We’re five days into Lent (I know Sundays don’t count as part of the Forty Days, but you’re still keeping your Lenten Rule and disciplines, even if you relax things a bit on Sundays…if your response to this is “Lenten Rule? What? What’s that?”...go back five squares). If you’re keeping a Lenten Rule, even a simple one, you’ve already been tempted to break it. That’s actually the point. If your Lenten exercises don’t challenge you (if you're playing it safe with things like not operating heavy machinery till Easter and avoiding Japanese puffer-fish), they’re worthless. If you don’t like chocolate, even if everybody else does, giving it up has no meaning. So as we stop at our first Lenten marker, consider for a moment what it is we’re doing.

You’ve been tempted to break your Rule already. Most likely you’ve been able to resist—after all, we just started. Right now, you can probably turn aside temptation with a brusque mental refusal. Good for you. Remember that as the season progresses: your resolution may not always be so strong. Remember, too, what you’re refusing. We don’t give up sinful stuff for Lent, intending to take it up again come the Resurrection (“I’ve given up stealing from Wal-mart till after Easter!”). We give up something good, legitimate and beneficial, like Prime Rib or our favorite magazine or the Simpsons (well, not all things are equally beneficial). Why are we “giving something up?” If you think it’s to show you can do it, go back five more squares; if it’s to boost your will-power, go back ten. Lent is not a Christian weight-loss program or a religious self-improvement course.

If, at the end of Lent, you say to yourself—or worse, tell others—“I didn’t touch a piece of USDA prime meat nor darken the door of a theater for the last forty days” your Lenten observance has been a waste. Far better to have failed every day in an on-going struggle not to give in to gossip than to be able to say “I did it.” If “you did it,” then Lent has been about you, not Jesus.

Lent isn’t about developing your “will-power,” building a strong character or becoming a better, more socially-conscious person. Those may be desirable goals, but they’re not why your forehead was smudged with a cross a few days back. We followed Jesus into Lent to be with Him, to make our struggles His. Do you tell lies thoughtlessly? Delight in the failure of others? Have a relative you can’t abide? The well-spent Lent is not the one we’re strong enough to keep, but the one we’re weak enough to surrender.
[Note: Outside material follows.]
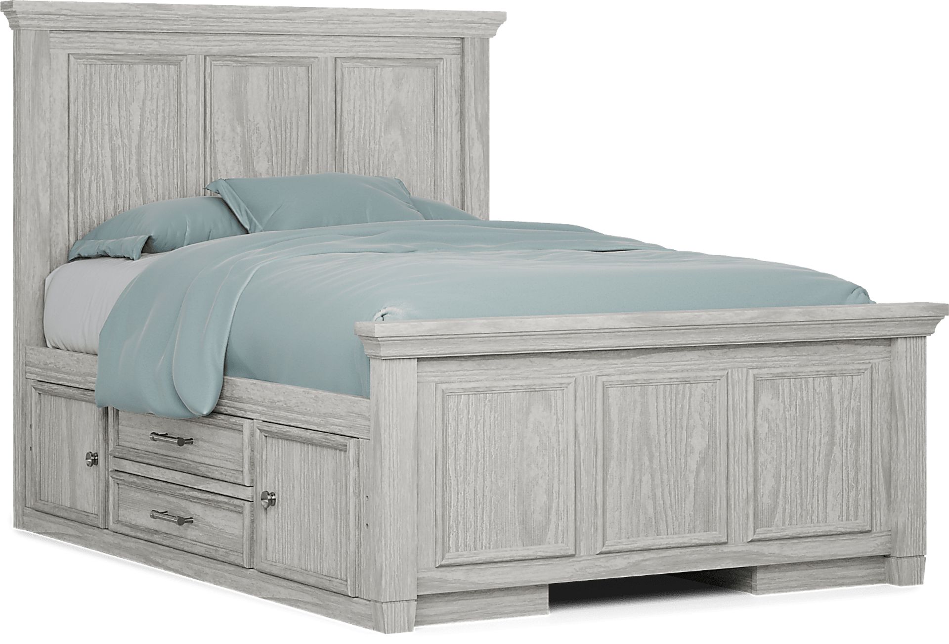 Kids Canyon Lake Ash Gray Full Panel Bed With 2 Storage Side Rails

When you and I accept our weakness, Grace can flow. Giving up television? When the temptation comes to turn it on, don’t resist with all your might. Instead, turn to the Lord and say “I really want to watch 'Texas Farm Journal.' I love that show.” The Lover of Mankind knows what it is to love, even if some of our loves baffle Him. When you tell Him, “This week, I’m giving it to You,” Grace flows like a fresh spring; the secret of Lent has been found.

The Spirit led Jesus into the desert to be tempted. Though we may not have known it, that’s why we followed Him here. His Humanity grew in Grace because He laid Himself before His Father in the furnace of those Forty Days. When we stumble onto the realization that the Spirit is leading us to do the same, to offer ourselves as a “holy and living sacrifice”—(THAT is what Jesus was doing in the desert sun)—then our Lenten exercises, self-denials and temptations suddenly have found their meaning. Through them, through our struggle and our weakness, God enfolds us in His loving embrace.